Shades of Gould

friendshipFrom the safety of seven years, a decade away, I can now say that we all went a little capital I-for-internet, insane in the mid-2000s. Here we were with this way of connecting with practically everyone with with access to home row and we used it. Hell yes, we used it. We adopted a sort of drunken, devil-may-care personae and wrote minute replays of everything from grilled cheese sandwiches to one-night makeouts. We gave enemies nicknames and embellished fan fiction about their yolk-stained cordaroys. We were so, so. . . loud.

At the same time, shit was exploding everywhere. Our Readers bulged. It wasn’t uncommon to be a die-hard fan of 200 different blogs. And when those ran out, there was Gawker or HuffPo or Slate or McSweeneys or The Onion. We were boldly, triumphantly megaphoning our existence at whoever would listen. We were gobbling up instances of other people existing, too, and commenting whether on the site or snickering while hidden behind Cheeto dust.

In the mid-2000s you could still get famous for your blog. You could also get fired.

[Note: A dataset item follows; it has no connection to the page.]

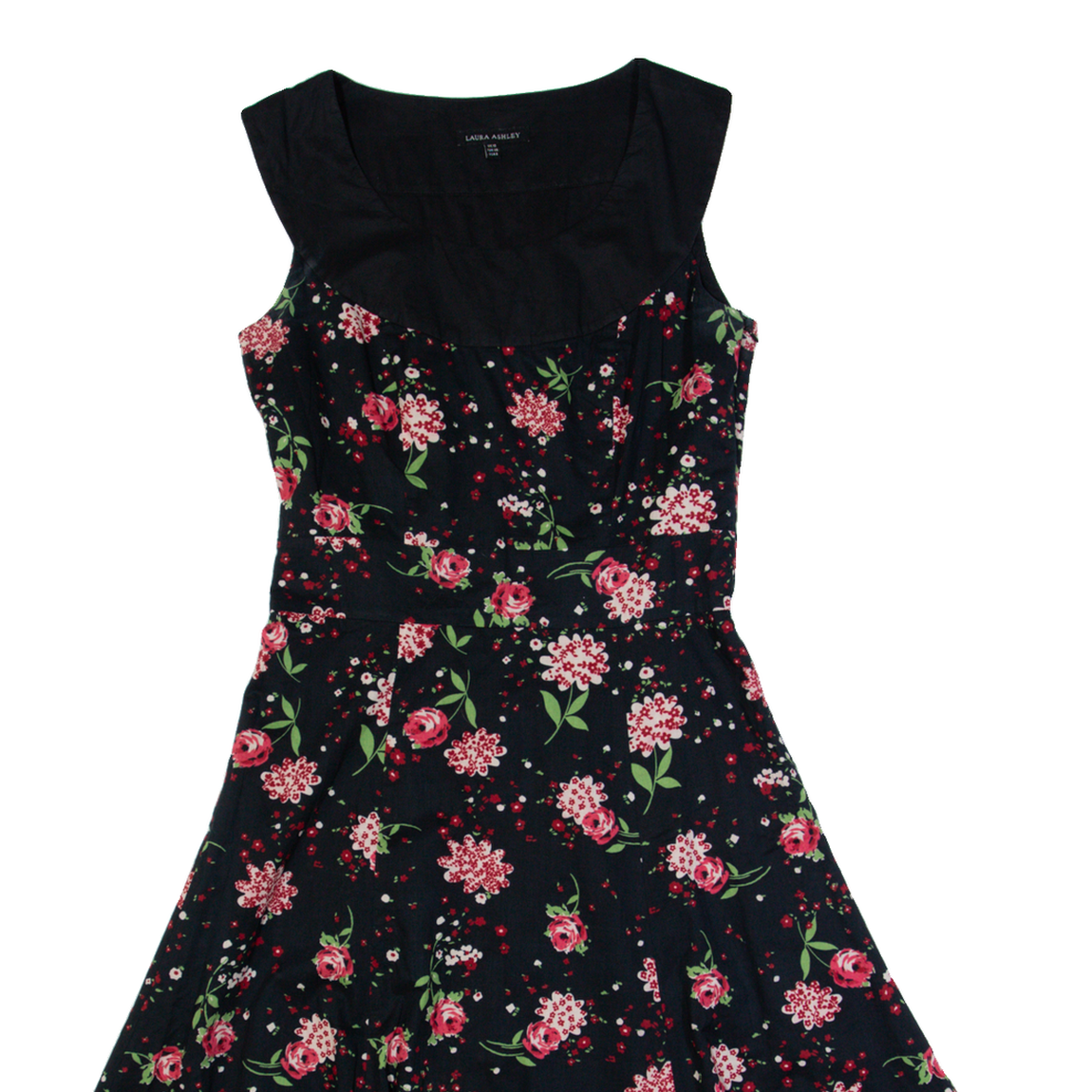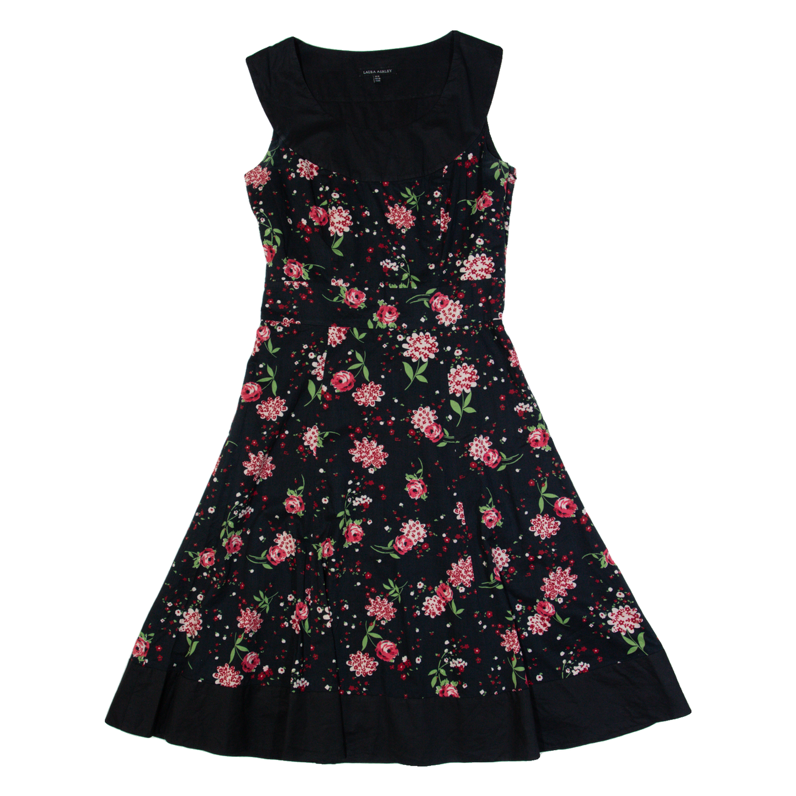 LAURA ASHLEY Womens A-Line Dress Black Floral Sleeveless Midi UK 10

Blah Blah Facebook, RIP blogs.

This post-frenzy age of the internet gets its due in Emily Gould’s novel Friendship, a novel of besties negotiating their changing relationship when Bev, a Midwestern refugee, gets preggers after a one-nighter with the ho-hum Vice Prez of a place where she temped once. The other character, the one who thinks it’s disgusting to let a stranger put one of his body parts into one of  your body parts, is a once-famous online personality — from the aforementioned heyday — who became a sort of poison-penned internet villain before she was fired from a Gawker-esque place.

These days Amy (who looks a lot like Emily Gould and has a boyfriend who sounds a little bit like Emily Gould’s fiance) is working for another online community, but a little-known site owned by rich people who don’t really understand the internet and toss around Buzz Concepts like sitemeters and viral vids. This leaves Amy plenty of time to G-Chat with Bev and consider her relationship with a non-committal artist boyfriend.

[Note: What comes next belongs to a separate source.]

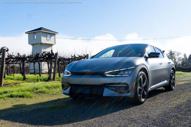 “Whoa.” That’s the actual word that escaped my lips when I first engaged Sport mode on the EV6. It could be used to describe most of my experience with the vehicle during a first drive event, though. Kia’s move from entry-level car maker to mid-market darling with the help of the Telluride SUV continues with its latest offering. The EV6 showcases the evolution of not only the brand, but its EV offerings. The EV6 is a larger-than-you-expect vehicle that Kia calls a CUV (Crossover Utility Vehicle) with the space of an SUV and the driving stance of a sedan. Everything about it is more than you anticipate. While other automakers have been crowing about their move to EVs with their first vehicles over the past few years, Kia has been in the game for a few generations. From an electric version of the Soul to the Niro EV, the Korean automaker has been busy. Recently, the Hyundai Motor Group (the parent company of Kia) introduced an EV architecture dubbed the E-GMP (Electric Global Modular Platform). The EV6 is the inaugural Kia on that battery and powertrain system, while Hyundai has its own Ioniq 5. In photos, both vehicles look smaller than what you experience in real life. The reality is that the EV6 has the exact same wheelbase as the Telluride at 114.2 inches. The illusion is pulled off thanks to the wheels being pushed to the edge of the vehicle. So while it might look like a compact hatchback, it’s actually closer in dimensions to a mid-sized sedan, with a length of 184.3 inches — only an inch and a half shorter than a BMW 3 Series. Its real-life size isn’t the only surprise. Frankly, the EV6 delivers likely far more than most people expect from Kia. While driving the all-wheel-drive and rear-wheel-drive versions of the GT trim level in Northern California, it’s clear that the Korean automaker is ready to take on both the automotive upstarts and traditional OEMs. At the core of this performance is powertrain technology that in many ways has evolved above and beyond that of automakers like Mercedes. The most impressive part of E-GMP is that it’s an 800-volt architecture, which means that it charges quickly. The vehicle will support charging up to 350kW at compatible DC fast-charging stations. That’s faster than anything else on the road right now and is only matched by the Hyundai Ioniq 5. Kia says that it will charge from 10 to 80% in under 18 minutes at a 350 kW charging station. That’s sitting around. On the road, the GT trim is quick in a way the numbers don’t fully capture. The AWD version has 320 horsepower and 446 pound-feet of torque, which gives the AWD version a zero to 60 time of 5.1 seconds — two seconds quicker than the RWD GT version at 7.2 seconds. It’s not the quickest EV I’ve ever driven, but that initial jolt can push you back in your seat in a way that the Volkswagen ID.4 and Chevy Bolt just don’t. While taking on the Northern California switchbacks, I encountered a bit more body roll than I anticipated on a vehicle with that much power.

Bev is a recent MFA drop out who is working at temp jobs and is a bit shell-shocked about how long it is going to take to pay off her lone year of grad school (this, too, has shades of Gould). Her life derailed a bit a few years earlier when she followed A Todd to Wisconsin. She went quietly insane enough in Milwaukee to pick up a running habit that proved detrimental to her hip joints. She returned to Brooklyn after the breakup and back to her friend-style life partner Amy, whom she met while working in publishing.

Mostly these girls are burdened by the reality that they do not make enough money to live the way they want. This becomes even more obvious when they housesit for a friend of a friend in Upstate New York. The multiple room house and all its accoutrements make enough of an impression that when Bev gets pregnant, the friends think it is reasonable to consider giving the baby to the couple who owns the house. As luck would have it, Sally was seen in an earlier episode at a fertility clinic where she has decided she’s done trying to get pregnant — so this just might work.

So, Friendship. At one level, it’s a throwaway story about two girls, one who is aggressively immature and unwilling to change that and one who is considering keeping her baby as a means of no longer being aggressively immature.

On another level, the one I prefer, it is a glimpse into the psyche of Emily Gould, who has enough in common with Amy to make certain parts of the story actually edible. It’s on this level where I have to kind of say, “Hm, your psyche is young, Emily. Real, real young.” But that also meant that I read this novel faster than I’ve read a novel in years.

The third level is the most universally interesting: That is: Life After the Mid-2000s Internet Scramble. Amy is very much a person who benefitted from this new medium before being very much bitten by this new medium. Insert Cylon reference here. It’s an interesting look at the narcissism that comes from always having a place to put every thought — and being too young to remember that some of us lived quite comfortably for many years with a puppy journal hidden under the mattress.